What the exercise asks:
The goal is a clean copy of all the data below, with pictures dropped and everything else retyped exactly.

Source data:
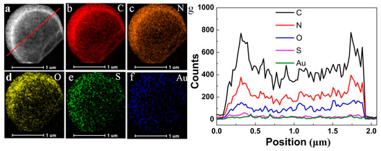 Moreover, the generated HPs were also confirmed by scanning electron microscopy (SEM) (Figure 1e,f), which clearly demonstrated the formed hollow structure and high stability under the environment of vacuum. The high-resolution transmission electron microscopy (HRTEM) image (Figure 2a) indicated clearly that the shell of HPs consisted of a flexible ultrathin membrane that was structurally robust even when dried under vacuum. Meanwhile, proteinosomes, polymersomes, and liposomes (Table S1) could not keep its stereochemical structure under vacuum, also indicating that the generated HPs showed great potential in the field of preserve in severe conditions. Also, the corresponding elemental mapping analysis and line profile in the HRTEM image (Figure 2 b–g) also demonstrated the homogeneous distribution of C, N, O and S, as well as the homogeneous distribution of Au (the characteristic elements in gold clusters) in the membrane of the HPs.
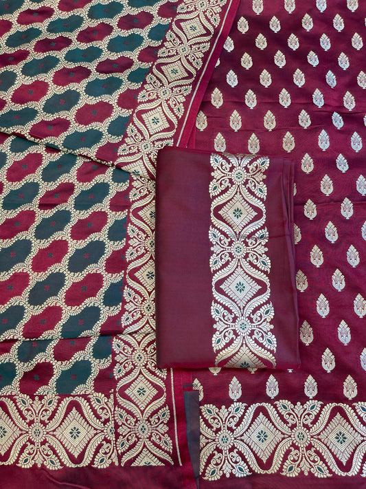 Pure Handloom Wine Mashru Silk Floral Zari Booti with Rangkaat Dupatta Banarasi 3 pcs Suit Set 26AJ_MSR10
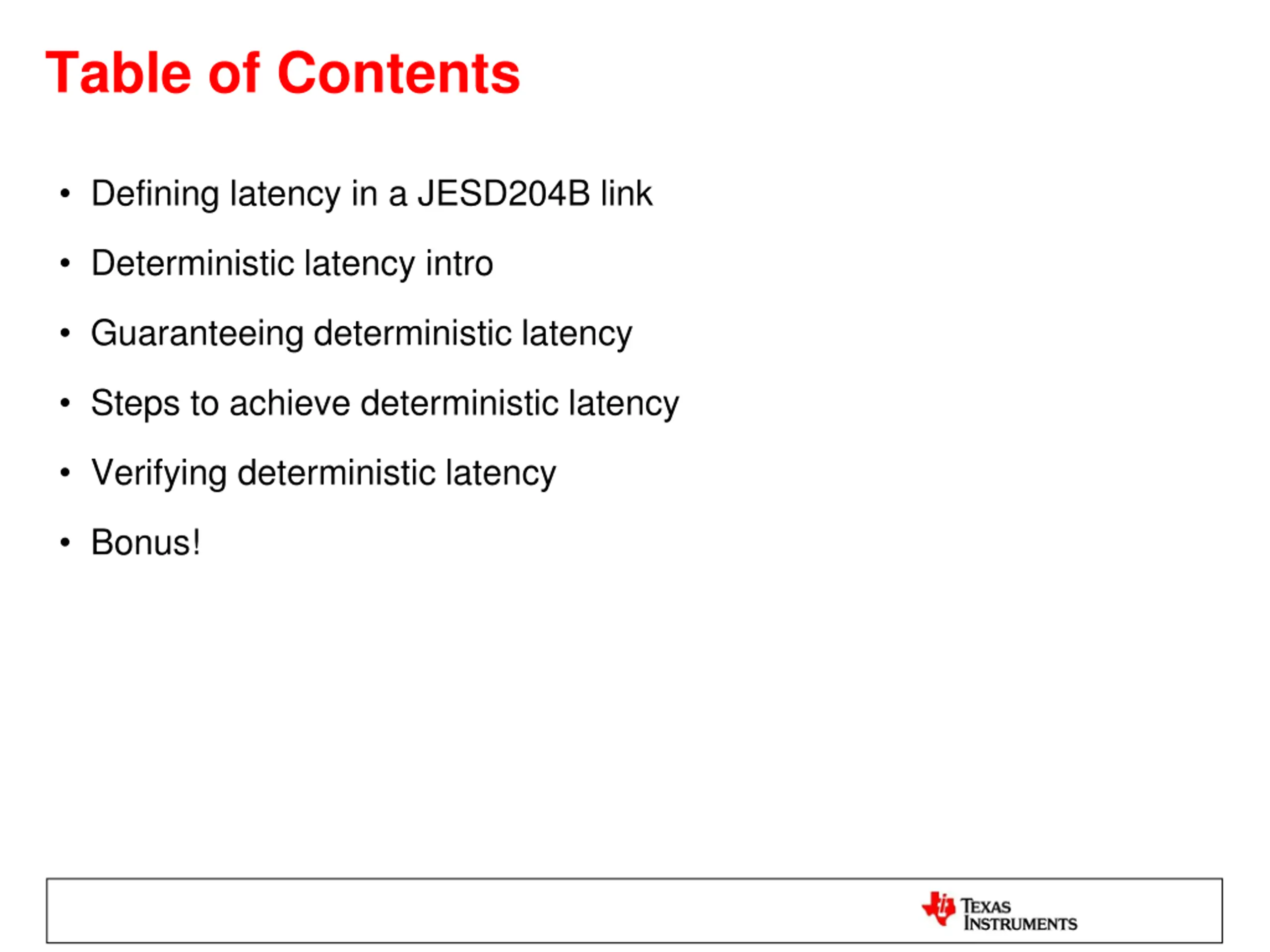 Table of Contents Defining latency in a JESD204B link Deterministic latency intro Guaranteeing deterministic latency Steps to achieve deterministic latency Verifying deterministic latency Bonus!

Answer box:
 Moreover, the generated HPs were also confirmed by scanning electron microscopy (SEM) (Figure 1e,f), which clearly demonstrated the formed hollow structure and high stability under the environment of vacuum. The high-resolution transmission electron microscopy (HRTEM) image (Figure 2a) indicated clearly that the shell of HPs consisted of a flexible ultrathin membrane that was structurally robust even when dried under vacuum. Meanwhile, proteinosomes, polymersomes, and liposomes (Table S1) could not keep its stereochemical structure under vacuum, also indicating that the generated HPs showed great potential in the field of preserve in severe conditions. Also, the corresponding elemental mapping analysis and line profile in the HRTEM image (Figure 2 b–g) also demonstrated the homogeneous distribution of C, N, O and S, as well as the homogeneous distribution of Au (the characteristic elements in gold clusters) in the membrane of the HPs.
 Pure Handloom Wine Mashru Silk Floral Zari Booti with Rangkaat Dupatta Banarasi 3 pcs Suit Set 26AJ_MSR10
 Table of Contents Defining latency in a JESD204B link Deterministic latency intro Guaranteeing deterministic latency Steps to achieve deterministic latency Verifying deterministic latency Bonus!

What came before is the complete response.